Stylish descent into darkness
WAITING FOR SUNRISE
BY WILLIAM BOYD
Bloomsbury, £18.99
****
Boyd is that rare breed of storyteller who manages to write books that are both thematically rich – nuanced and historical – and red-bloodedly gripping. The screen has a serious crush on him: his 2002 novel Any Human Heart led to an adaptation freshly garlanded by Baftas, and rumour has it more is on the way.
With Waiting for Sunrise we have another espionage novel, and another Englishman in trouble. English actor turned spy Lysander Rief is in Vienna in the particularly piquant year of 1913. Freud was making novel use of the couch; Klimpt and Schiele the canvas across town and Hitler was pacing around feeling angry.
The climate of psycho-sexual exploration informs Rief’s dramatic trajectory. A disciple of Freud diagnoses him him with “anorgasma” – an inability to carry through the sexual act to its end. Rief’s troubling flaw, we learn, is rooted in a childhood trauma. The cure comes along in the form of a sculptress called Hettie Bull – they engage in a luscious affair that frees all sexual oppression, but carries with it a sting when she accuses him of raping her.
The British embassy in Vienna gets him out of his legal pickle but extracts payment in the form of future service to the British government. Which, when war breaks out not long after, leaves Rief at the War Office, in a sticky situation, followed by a tragic one.
The title refers to several occasions in which a distressed Rief is waiting for sunrise. The metaphor is one of yearned-for enlightenment – this is a man who has fallen into darkness. Thanks to Boyd’s skill, following him trying to step out of it is a pleasure.
KIND OF CRUEL
BY SOPHIE HANNAH
Hodder, £12.99
****
A new thriller by former poet Hannah is always an occasion for lip-smacking anticipation. And, unlike with other examples of the genre, these are well-written, psychologically probing works – almost literary (but not quite).

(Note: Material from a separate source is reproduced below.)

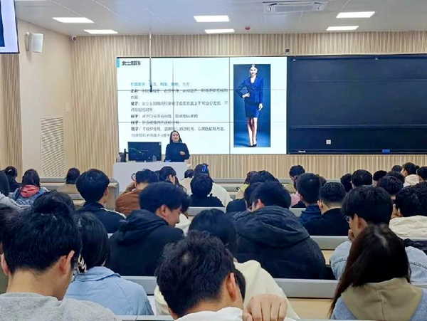 本次讲座张老师主要以“礼仪与管理”为题,从角度、思维、形象、原则入手,以服装原则及有意识的管理为实例,为同学们详细诠释了何为职场礼仪以及求职前各项礼仪准备。

Amber Hewerdine, a forty-something woman with two kids and a caustic wit, is exhausted. She hasn’t been able to sleep properly for a year and a half – since an arson attack that killed her best friend.
Desperate, she goes to visit at hypnotherapist, who guides her back to the painful mystery of her youth, when her whole family disappeared one Christmas morning, then reappeared the next day, refusing to explain what happened, or ever speak of it again.
Suddenly Amber blurts out: “Kind, cruel, kind of cruel”, but has no idea what the words mean, only that she has read them somewhere. Two hours after uttering the words, she is arrested for the murder of a woman she has never met.
Her memory holds the secret to the events of that Christmas, the murder and her own happiness – but how can she unlock it? This is a bold and clever play on the force of the subconscious, with a vigorous characterisation of Amber, a genuinely substantive character, at the heart of it. It’s chilling without the usual fireworks of violence and police chases – and better for it.
RECIPE FOR LOVE
BY KATIE FFORDE
Century, £16.99
**
Katie Fforde is a staple of the chick lit world and a regular on the Sunday Times best-seller list for her cotton-candy stories of love, the countryside and – in this case – the world of cooking competitions. Her ultra-girly heroines do always get their man, which is nice.
Here, Zoe Harper wins a place on a televised cookery programme (every girl’s dream) and finds herself in a bit too deep in rich blue cheese sauce. There’s the problem of her terrifyingly devious competitor Cher, but the main source of tension arises from the terrible crush she has developed on one of the judges, Gideon Irving. Will Zoe win the competition or will Gideon prove her downfall? Just what Zoe will do for love, and cakes, is where the answer lies.